***** Data extract
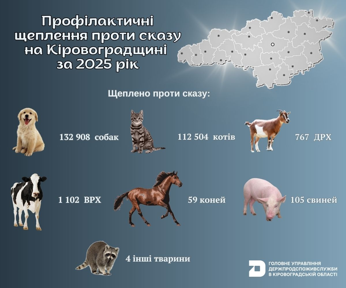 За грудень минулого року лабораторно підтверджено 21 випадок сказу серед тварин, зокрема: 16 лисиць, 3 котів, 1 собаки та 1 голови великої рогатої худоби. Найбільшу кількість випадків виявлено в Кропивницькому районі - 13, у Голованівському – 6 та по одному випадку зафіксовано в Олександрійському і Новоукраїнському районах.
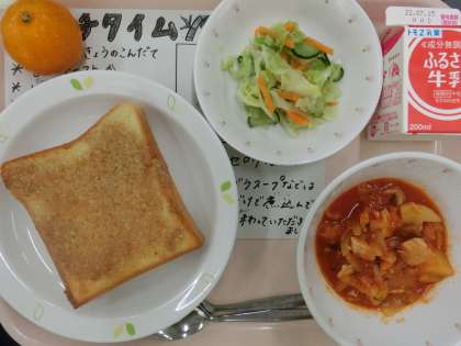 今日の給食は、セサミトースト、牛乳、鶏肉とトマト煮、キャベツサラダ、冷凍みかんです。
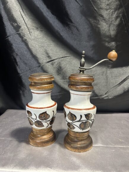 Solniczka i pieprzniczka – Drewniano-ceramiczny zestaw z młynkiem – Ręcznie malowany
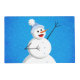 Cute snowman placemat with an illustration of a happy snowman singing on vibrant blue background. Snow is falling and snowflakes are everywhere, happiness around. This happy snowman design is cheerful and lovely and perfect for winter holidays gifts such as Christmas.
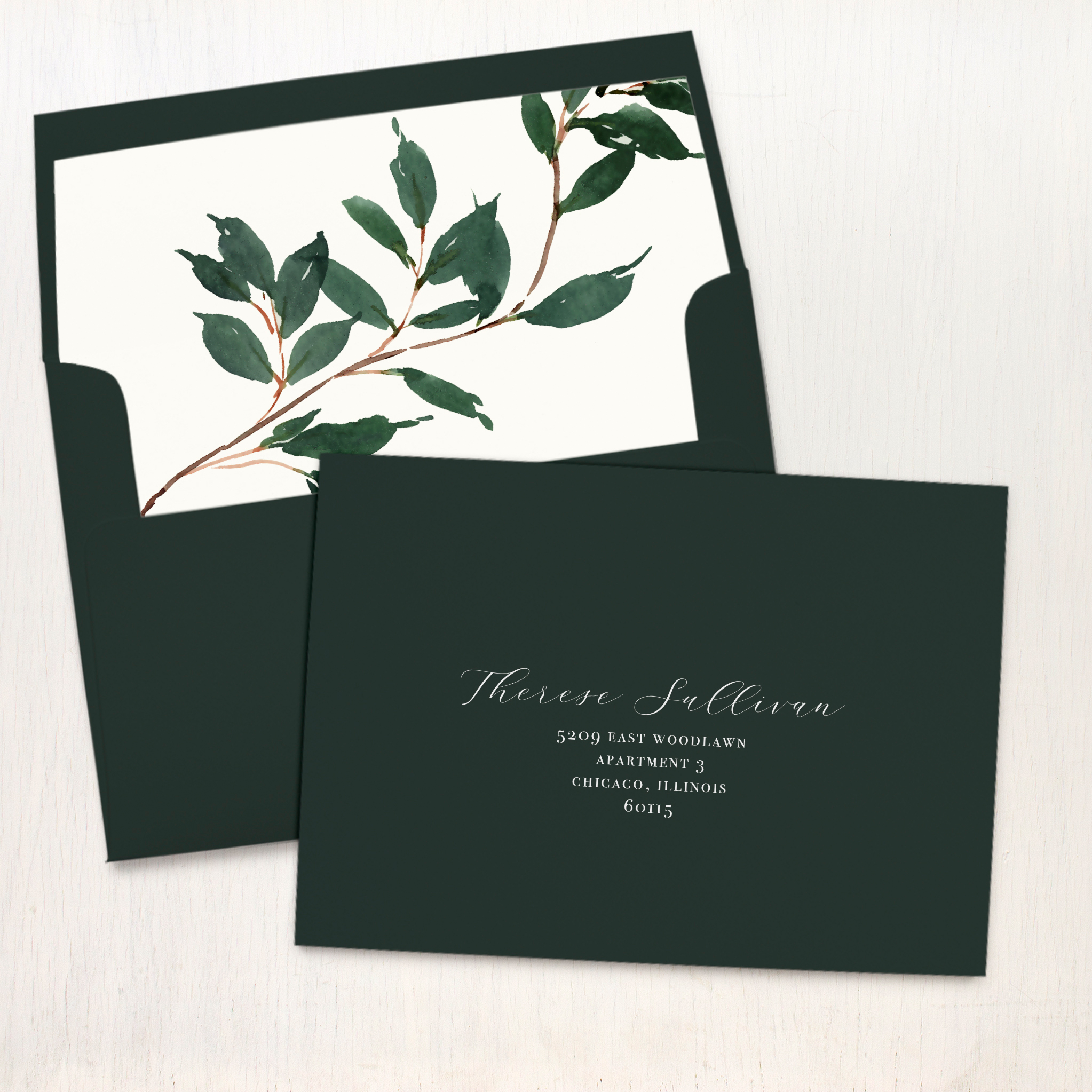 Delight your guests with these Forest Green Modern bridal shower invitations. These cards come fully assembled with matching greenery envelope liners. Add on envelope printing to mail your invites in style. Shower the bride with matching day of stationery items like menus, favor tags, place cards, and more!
**********
- _Task requirements_
Leave the pictures out and please restate exactly the lines running from the start of the material through the one with "Solniczka i pieprzniczka".

- _Task response_
 За грудень минулого року лабораторно підтверджено 21 випадок сказу серед тварин, зокрема: 16 лисиць, 3 котів, 1 собаки та 1 голови великої рогатої худоби. Найбільшу кількість випадків виявлено в Кропивницькому районі - 13, у Голованівському – 6 та по одному випадку зафіксовано в Олександрійському і Новоукраїнському районах.
 今日の給食は、セサミトースト、牛乳、鶏肉とトマト煮、キャベツサラダ、冷凍みかんです。
 Solniczka i pieprzniczka – Drewniano-ceramiczny zestaw z młynkiem – Ręcznie malowany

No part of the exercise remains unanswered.